The addition of MLflow enables straightforward historical performance monitoring of models over time through a single, locally hosted UI in a Docker container. It allows you to store and access artifacts from all previously trained models, including those deployed to production. These artefacts can be downloaded whenever needed, along with standard and custom performance metrics and custom visualisations.

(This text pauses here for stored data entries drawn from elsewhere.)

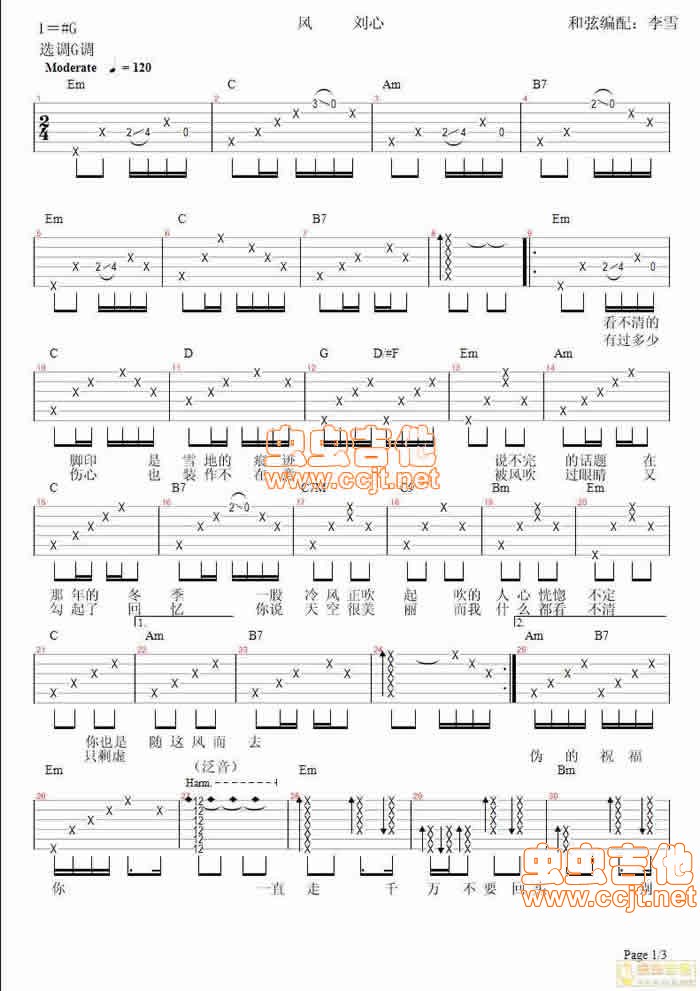 风刘心 基本原版吉他谱 - 吉他弹唱谱 - 原版
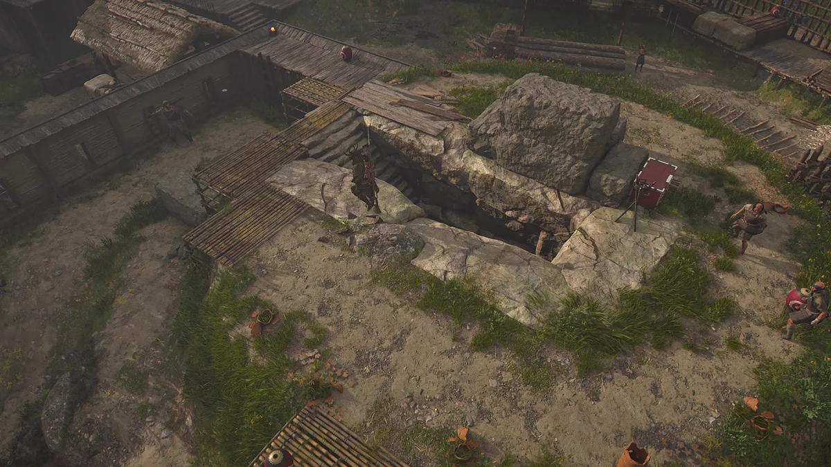Начните исследование, протиснувшись через узкую щель у входа. Спускайтесь, пока не обнаружите группу расхитителей гробниц. С ними можно расправиться, например, взорвать масляный горшок рядом или попытаться пройти незамеченным.
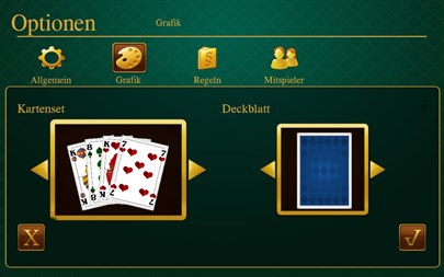 Whether beginner or professional player, in Skat Pro Deluxe you can find what you need for an exciting Skat challenge. Various difficulty levels via an AI update possibility and many kinds of settings for the gameplay give you the opportunity to make the cardgame customised. Now start a relaxing Skat match.
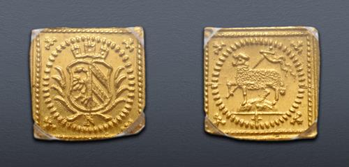 Electronic Auction 588 Lot: 812. GERMANY, Nürnberg (city). AV 1/8 Dukat Klippe (8mm, 12h). Struck 1700. PCGS Genuine, filed rims.
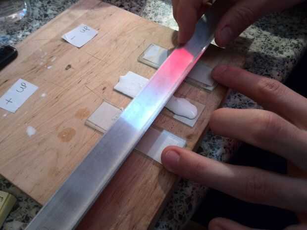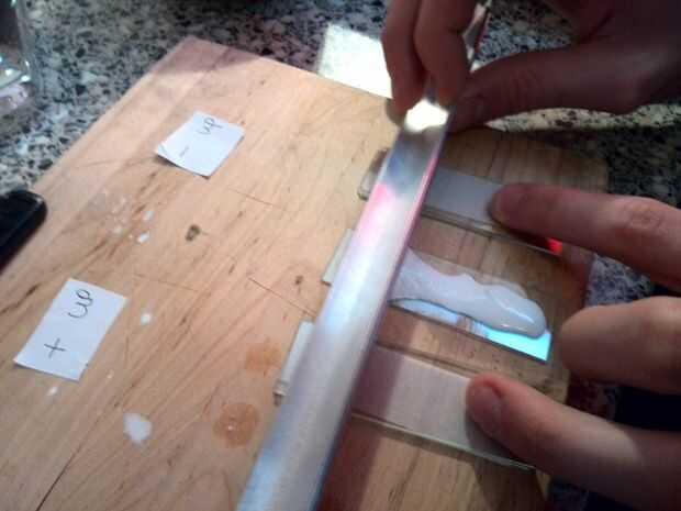El conductor hacia arriba la placa sin embargo va a ser recubierto de dióxido de titanio. Primero toma uno de los platos y vierta un poco de agua. A continuación, empezar a agregar un poco de dióxido de titanio en el agua, revolviendo con frecuencia. Usted desea eliminar todos los terrones del dióxido de titanio. Sabe usted que tiene la consistencia adecuada cuando el líquido se vuelven casi un goo.
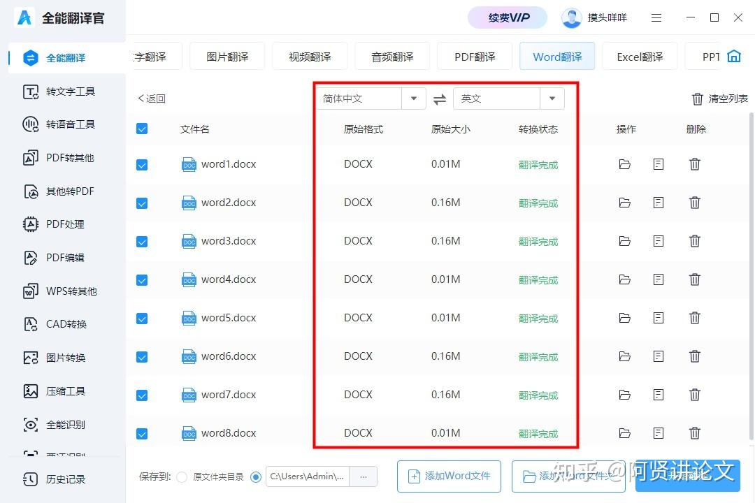 02、选择翻译语言,点击添加文件或文件夹,最多可添加10个文件,文件大小<50M,然后点击“开始翻译”等待处理;
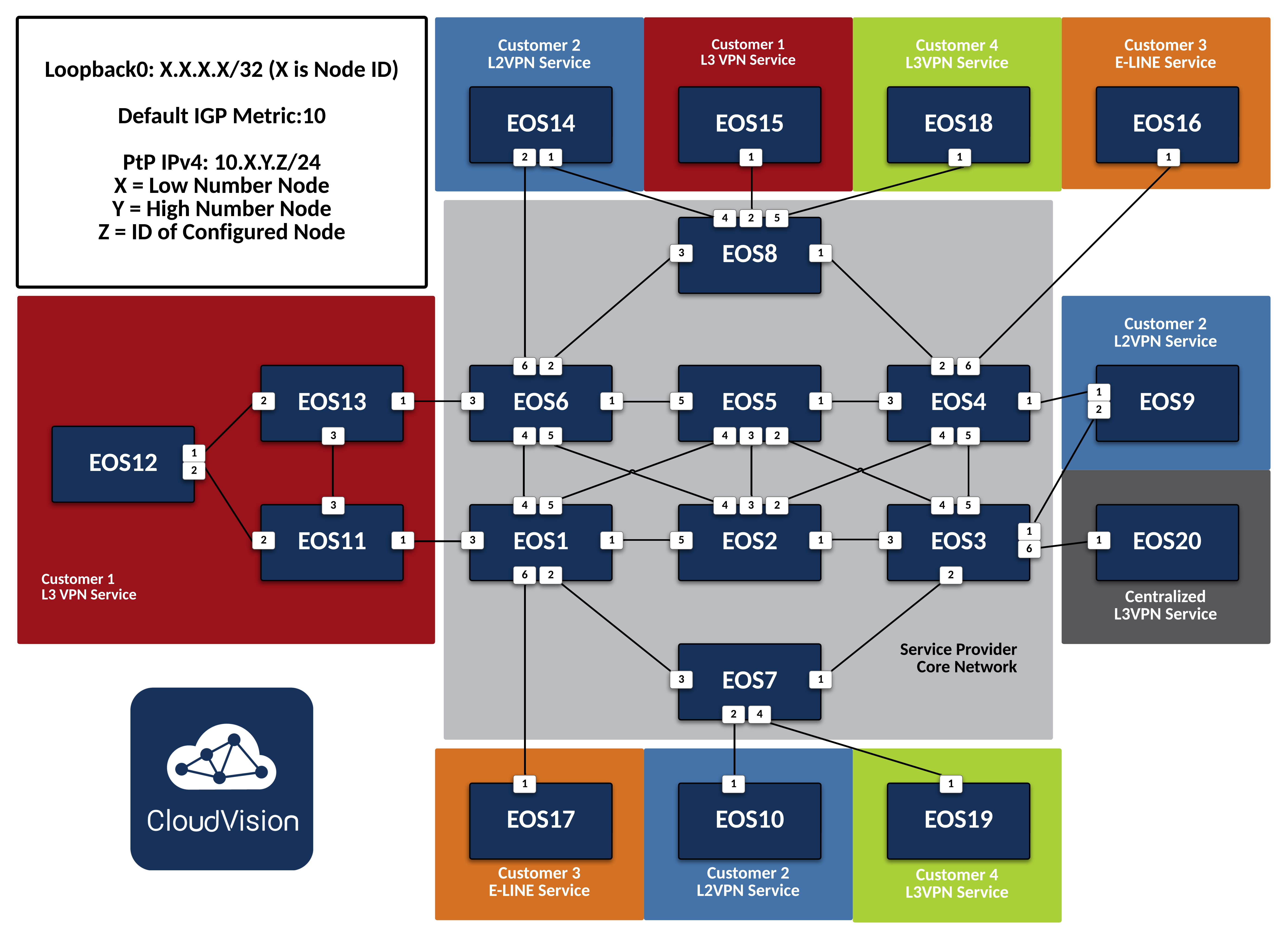 This is the full topology that will be used for the labs in the mesh section. Each section will highlight the individual nodes that are relevant to the service or protocol for that step. The Lab Guides in the Routing ATD are meant to provide example configurations with step-by-step instruction on setting up IS-IS, Segment Routing, BGP EVPN, etc. If you are already familiar with the protocols and configurations and would instead prefer to test your knowledge with only high-level direction on the steps necessary to deploy the Service Provider network, please refer to the Class Guides instead.

For each run associated with a model, it is also possible to log additional artifacts such as SHAP explainers, custom plots, and user-defined metrics.

 

The implementation of this CT pipeline leverages Structured Logging to separate the logs from this pipeline from the rest of the system's, into a persistent path inside the volume of the container hosting IRIS.

 

Future Work

  • In the future, this pipeline can leverage the newly released feature in IRIS 2026.1: IntegratedML Custom Models, to make the prediction service easier through SQL commands, regardless of the model (added support for LightGBM, NNs, XGBoost, etc).
  • Right now, the model is only updated automatically by retraining on new data, but the hyperparameters remain static. By following the instructions in this guide this pipeline could be improved by introducing hyperparameter flexibility and allowing the model to be re-optimised using the open-source hyperparameter optimisation framework Optuna
  • In this project, when prediction performance falls below a predefined threshold, the model is retrained and automatically updated. However, in some cases, human approval should be required before making changes in production, which is something that should be considered in a real-life scenario.